▶ _Your assignment_:
Word for word, restate the records from their first line through the line with "Teacher pointing at", both ends included; omit each picture.

▶ _Given information_:
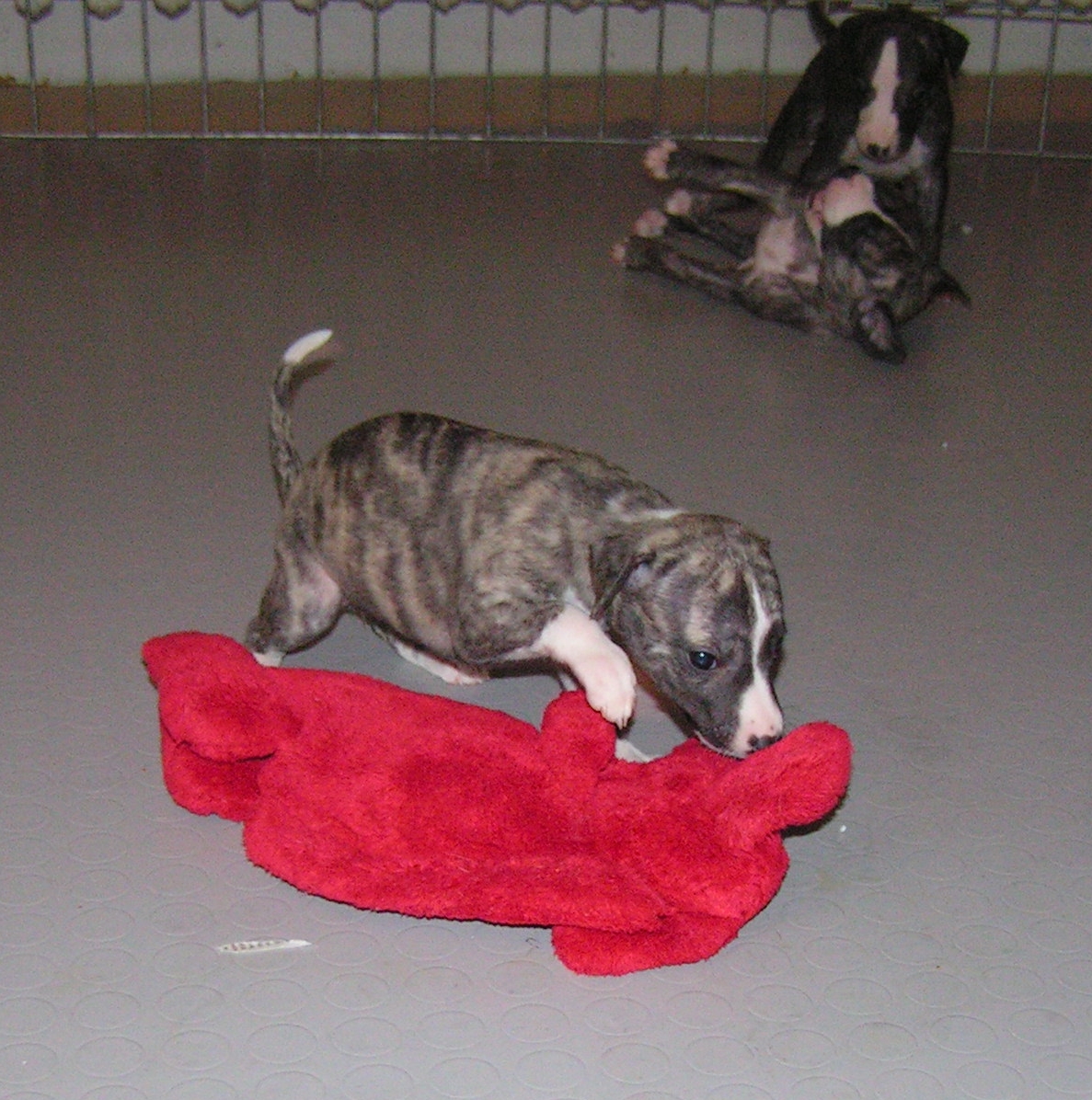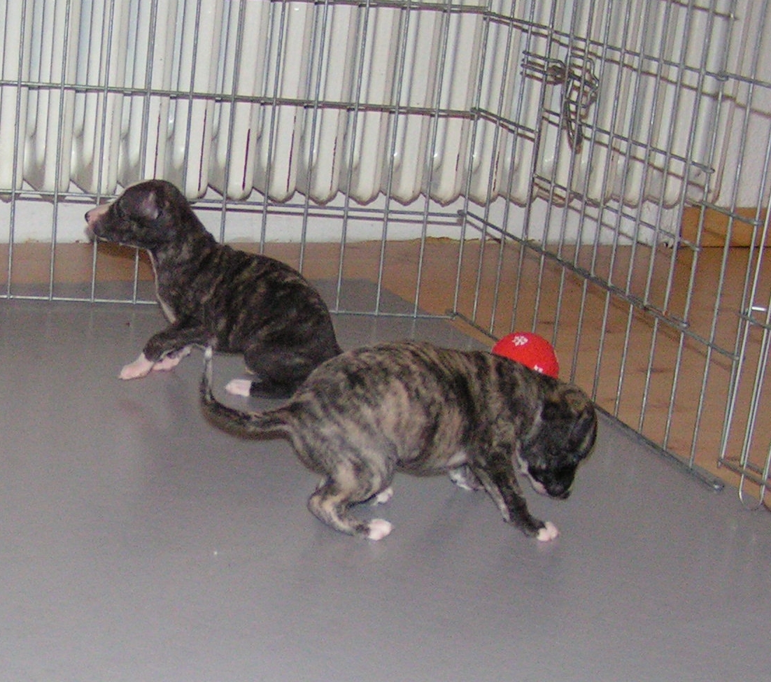 Die Wurfgeschwister sind Spielkameraden, mit denen man wunderbar toben kann. Erste Rangordnungsspiele verraten viel über Temperament und Charakter der Whippet – Babies.
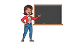 Teacher pointing at chalkboard education focus classroom scene learning concept knowledge sharing.
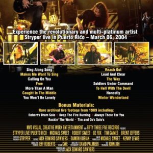 Experimente a los revolucionarios artistas multiplatino de Stryper, en vivo en Puerto Rico, el 6 de marzo de 2004. La banda se formó originalmente en el condado de Orange, California, por los hermanos Michael y Robert Sweet y el guitarrista Oz Fox. Stryper significa Salvación a través de la redención que produce paz, aliento y rectitud. Isaías 53:5 debajo de su logo se refiere al versículo bíblico que dice «por sus llagas fuimos sanados». La banda se ganó su fama en el circuito de clubes de metal de Los Ángeles y en 1984 vendió millones de discos en todo el mundo. ¡Este DVD presenta todos sus grandes éxitos y mucho más!
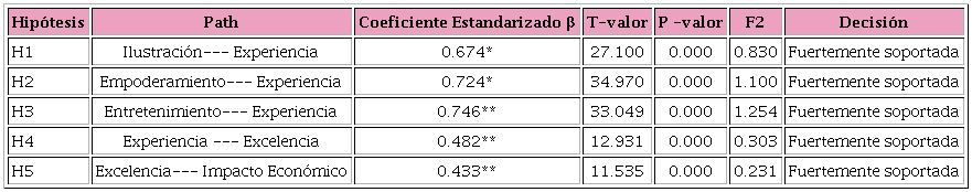 En esa tesitura, los resultados de esta investigación muestran la relación del constructo experiencia cultural del FIC con la ilustración, el empoderamiento y el entretenimiento, al mismo tiempo que con la excelencia, es decir, la calidad del servicio cultural, en este caso de los eventos artísticos, y en la percepción de los resultados económicos, mostrándose en la Figura 1. Los constructos se vieron fuertemente apoyados por los resultados de la aplicación de la prueba del Bootstrapping en el software Smart- PLS, que confirmaron que las pruebas T y el valor de P establecen que las relaciones entre ellos fueron de naturaleza positiva y altamente significativa, aprobando, por tanto, dichas relaciones entre los constructos o variables de análisis (Tabla 3).
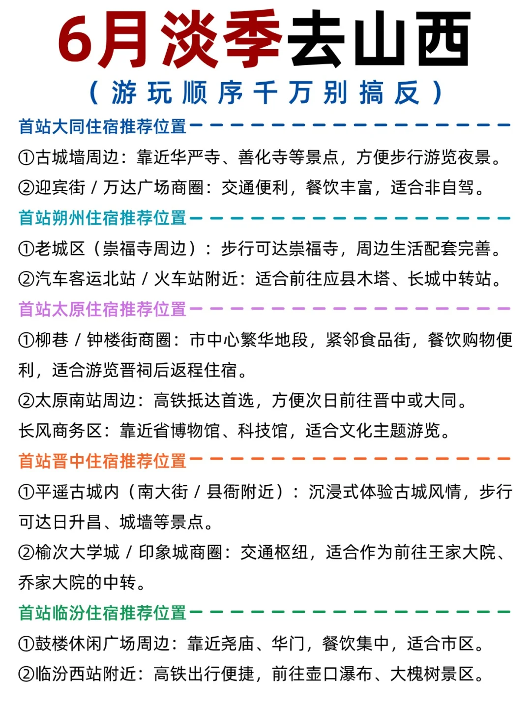 以下是大同古城旅游攻略,涵盖景点、交通、美食、住宿及实用贴士,助你深度体验这座千年古都的魅力:\n一、必游景点与路线推荐\n1. 核心古迹游\n路线推荐:鼓楼→华严寺→四牌楼→代王府→九龙壁→法华寺→大同雕塑博物馆→北城墙。\n- 华严寺:辽代建筑群,拥有全国最大的佛殿“大雄宝殿”,以及“东方维纳斯”合掌露齿菩萨。\n- 九龙壁:明代琉璃照壁,中国四大龙壁之一,龙身四爪彰显等级制度,光影下栩栩如生。\n-代王府:明代藩王府邸,建筑恢弘,结合历史与园林艺术。\n- 纯阳宫:闹市中的道教秘境,金元时期建筑,“回”字布局暗含道教哲学,免门票。\n2. 文化街区与新兴玩法\n- 东南邑历史文化街区:古建与现代设计融合,有艺术展馆、文创市集、咖啡馆等,适合文艺青年打卡。\n- 古城墙夜游:登南城墙赏灯会(冬季限定),以《黑神话:悟空》取景地为主题的花灯组和实景演出极具视觉冲击。\n \n3. 周边联动游\n- 云冈石窟(距市区16公里):世界文化遗产,推荐结合数字化体验(如VR、3D打印复制窟)感受千年石窟艺术。\n- 悬空寺(约1.5小时车程):悬崖上的北魏古寺,结构奇险,建议与恒山串联游览。\n二、交通指南\n- 市内交通\n- 公交:票价1-2元,覆盖古城主要景点(如3路、12路、35路等),运营时间6:00-22:00。\n- 打车:起步价7元,建议使用网约车避免被火车站司机高价揽客。\n- 自驾:古城周边停车场收费10-15元/次,节假日可能免费。\n景区直通车上车点在和阳门广场,大家如有规划,提前导航即可。\n三、住宿推荐\n- 经济型:中央公园或永泰学府附近的民宿,价格亲民且交通便利。\n- 中高端:古城内的云冈国际酒店或鼓楼周边精品客栈,兼具古韵与现代设施。\n四、特色美食与餐厅\n- 必尝小吃:刀削面(推荐“东方削面”)、浑源凉粉、百花烧麦、黄米凉糕、老大同什锦火锅。\n- 热门餐厅:\n- 凤临阁:百年老字号,以百花烧麦和传统晋菜闻名。\n- 龙聚祥:本地人推荐的刀削面馆,价格实惠。\n实用贴士\n1. 门票与预约:华严寺、善化寺等部分景点需预约,纯阳宫等免费开放。\n2. 避坑提醒:火车站附近慎选出租车,景区内餐饮价格正常(如刀削面7-10元/碗)。\n大同古城融合了北魏至明清的历史遗存与现代文旅创新,无论是古建爱好者、美食达人还是摄影玩家,都能在此找到独特的旅行体验。建议提前关注景区公告,结合季节活动规划行程!\n#景区直通车
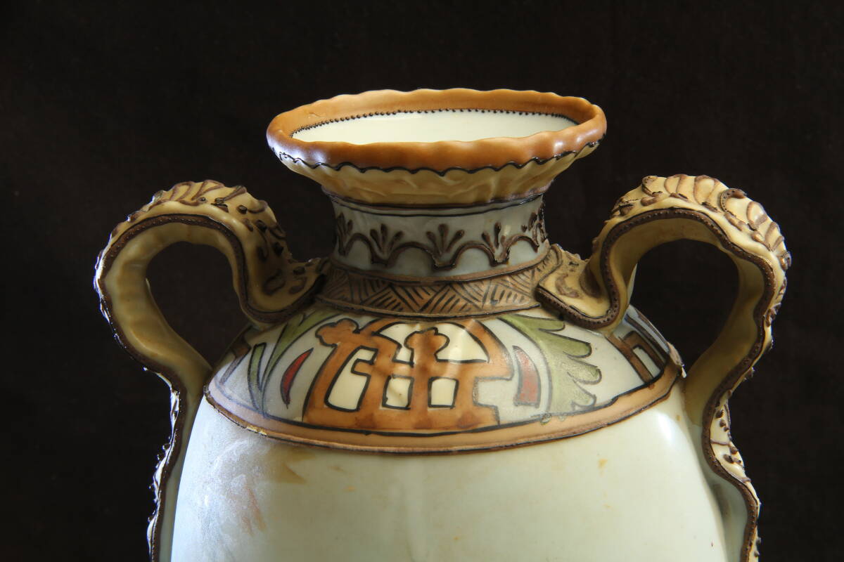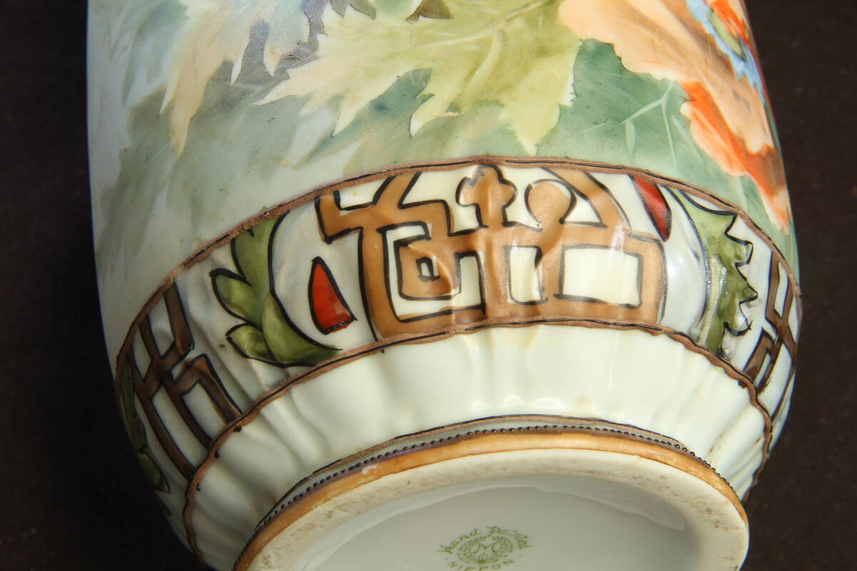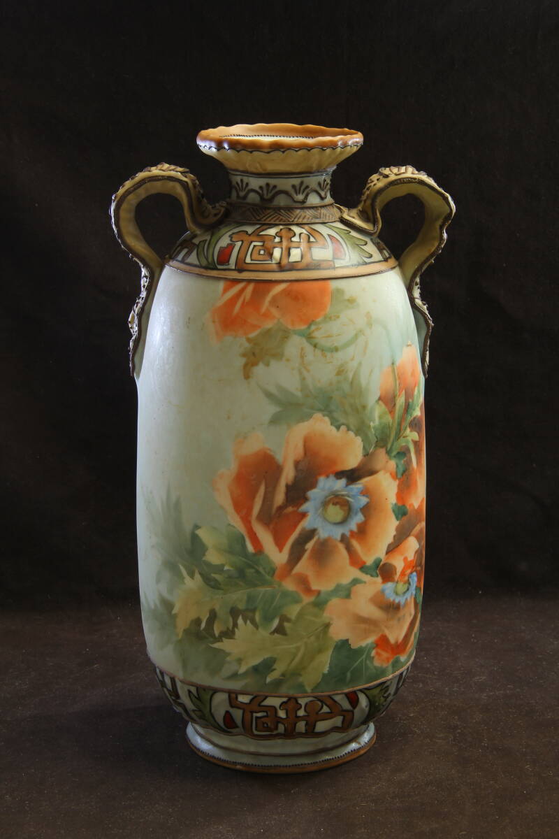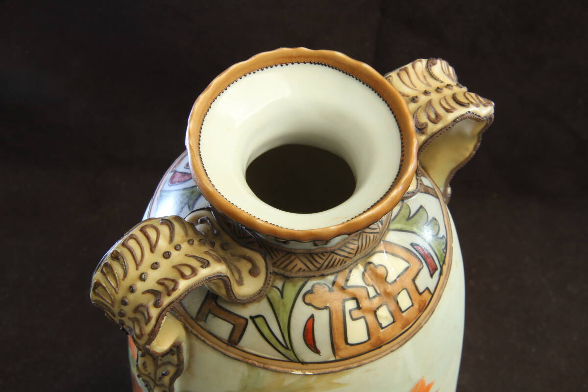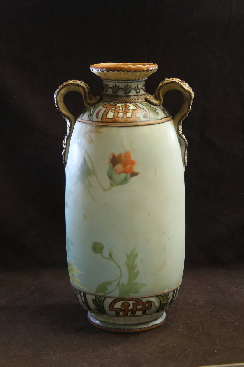 3105 オールドノリタケ フラワーベース M-NIPPON 明治 芥子の華柄 盛上げ技法 葉を模したハンドル
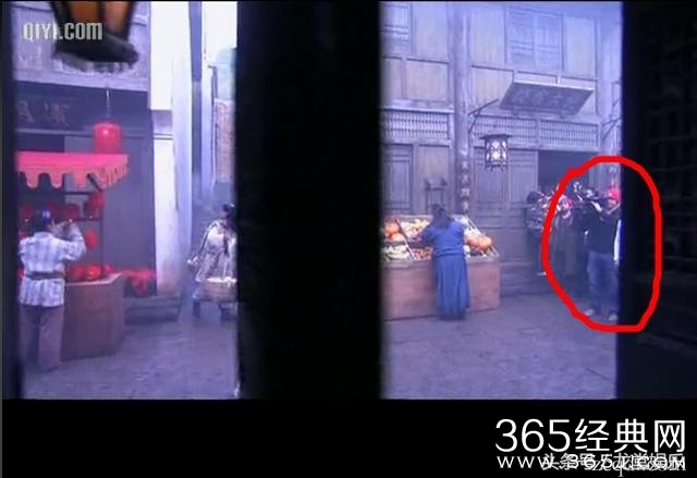 大家注意画面右边的一群人,全是穿现代衣服的,其中还有个貌似拿着摄像机
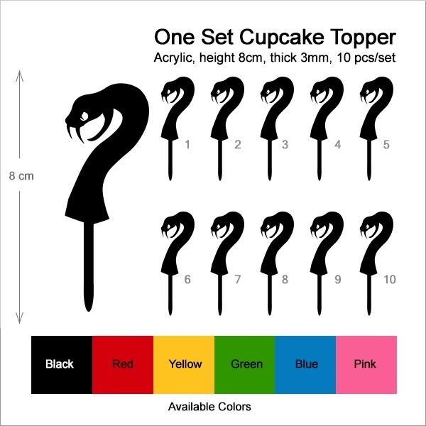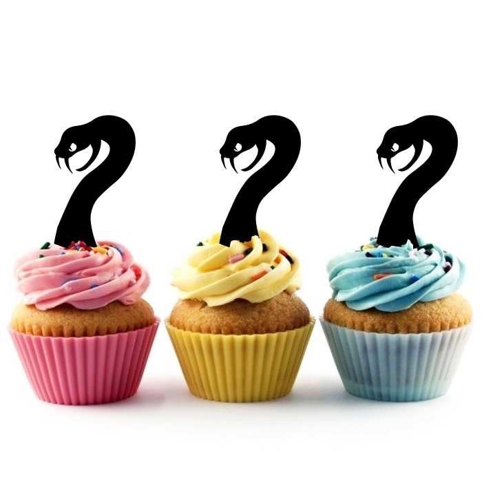 Cobra Snake Head Cupcake 10 Toppers Laser Cut Acrylic for Wedding Birthday Baby Shower Bachelorette Engagement Party Decor
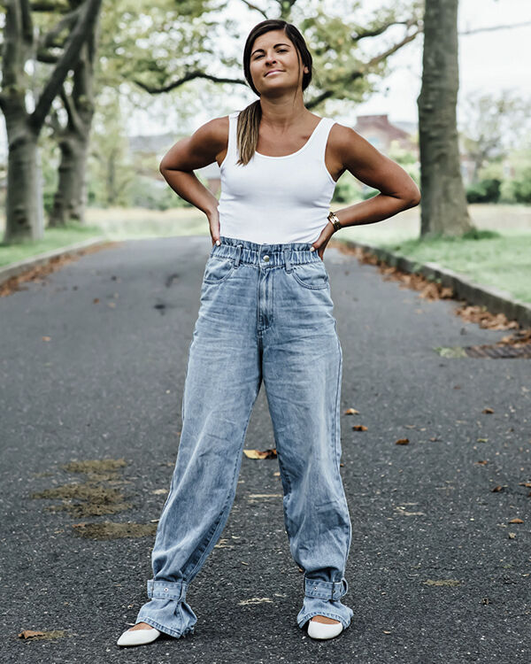Джинси на фото однозначно не підходять дівчині ні за зростанням, ні за комплекцією. Кльош із високою посадкою чи джинси мом візуально зробили б ноги довшими, а талію — тоншими.
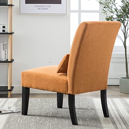 R. Drexell Contemporary Chenille Fabric Armless Accent Chair with Pillow, Orange
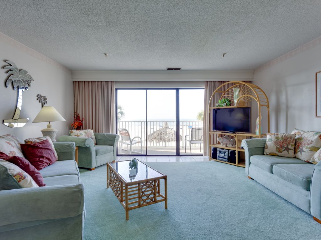Beautiful 1 bedroom, 1 bathroom direct Gulf Front unit on the 1st floor. This 1 bedroom unit features a queen bed with a flat screen TV. The living room has a queen sofa sleeper along with a flat screen TV.
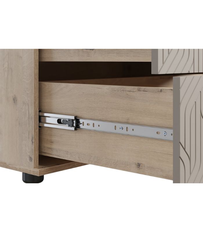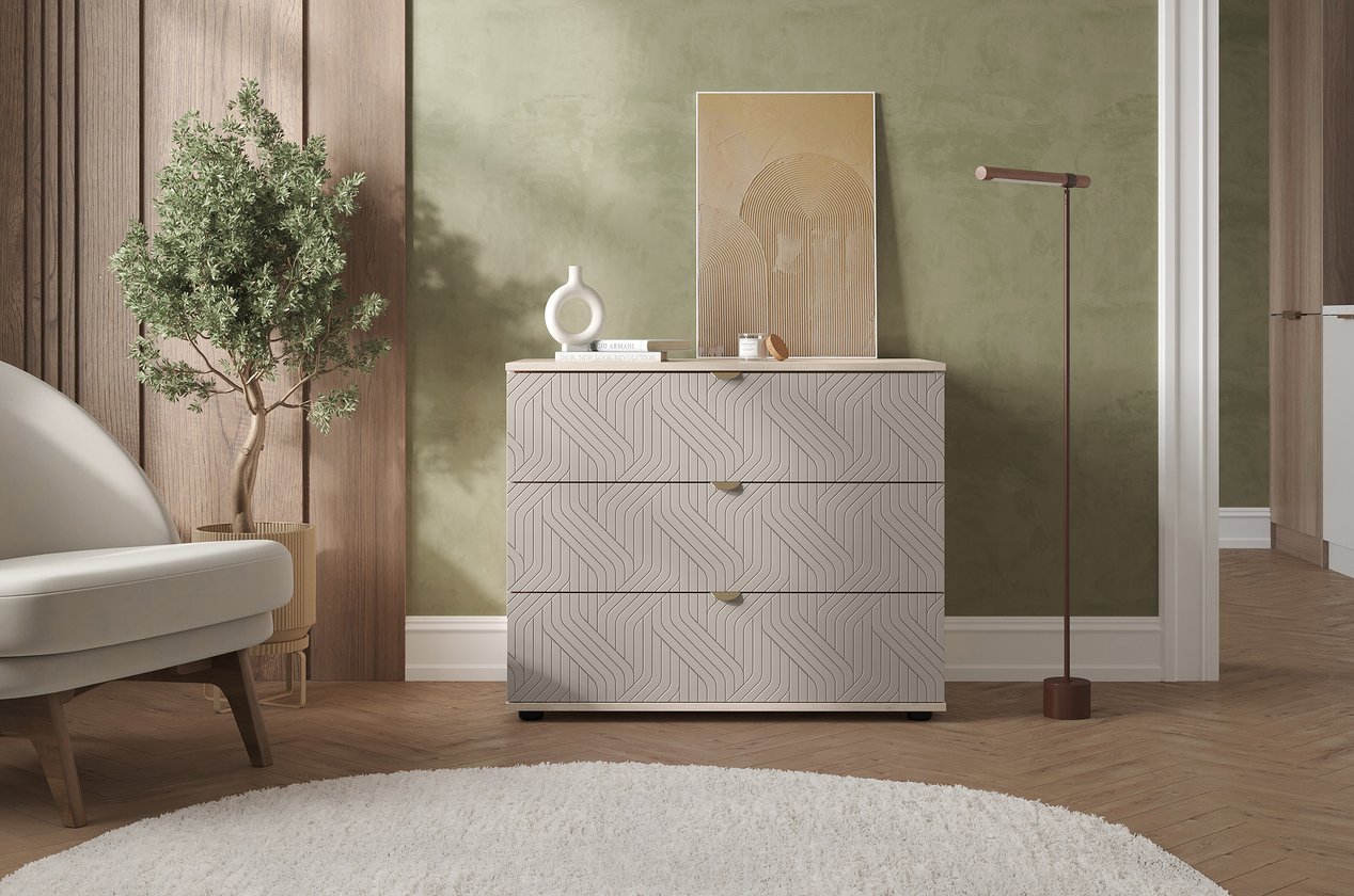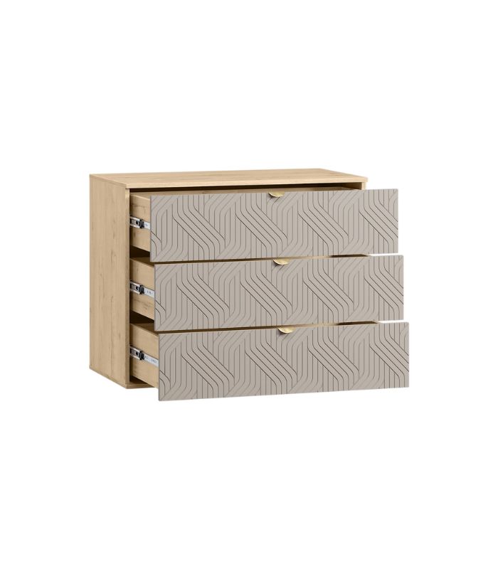 Tủ gồm 3 ngăn kéo giúp tối ưu hóa lưu trữ, từ quần áo gấp gọn đến phụ kiện cá nhân. Hệ ray trượt êm ái giúp thao tác đóng mở dễ dàng. Mặt trước có hoa văn trang trí tinh tế, giúp sản phẩm trở thành điểm nhấn thẩm mỹ nhẹ nhàng nhưng sang trọng. Với tông màu dễ phối, chiếc tủ phù hợp cả phòng ngủ, phòng thay đồ hay phòng khách. Đây là lựa chọn hoàn hảo cho gia chủ yêu thích sự ấm áp, hài hòa và tinh tế trong từng chi tiết nội thất.

▶ _Your solution_:
 Die Wurfgeschwister sind Spielkameraden, mit denen man wunderbar toben kann. Erste Rangordnungsspiele verraten viel über Temperament und Charakter der Whippet – Babies.
 Teacher pointing at chalkboard education focus classroom scene learning concept knowledge sharing.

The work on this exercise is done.